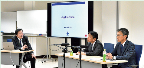
オンラインで実施したpage2024基調講演

pageはJAGATが主催する印刷・メディアビジネスの総合イベントで、例年2月に開催します。 カンファレンスでは、注目の技術やビジネスモデルをテーマに議論します。
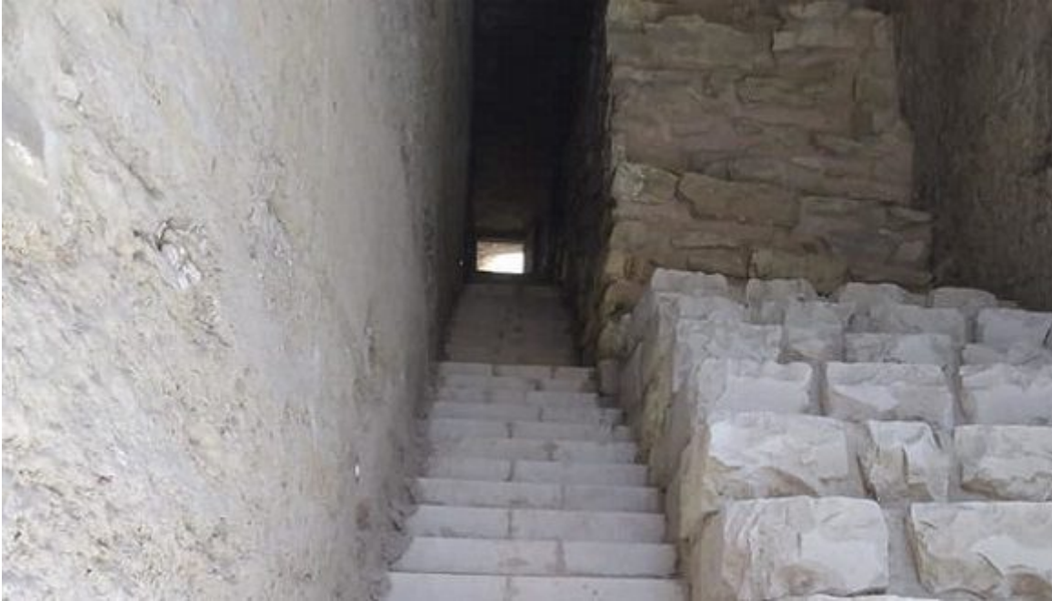
La Tumba Sur del rey Zoser.

La restauración incluyó estudios de ingeniería geotécnica, geociencia y arqueología.

- EXERCISE DETAILS -
With the line that contains "La Tumba Sur del rey Zoser." as the first and the final line of the data as the last, repeat every line in that span exactly.

- OUTPUT OF THE TASK -
La Tumba Sur del rey Zoser.

La restauración incluyó estudios de ingeniería geotécnica, geociencia y arqueología.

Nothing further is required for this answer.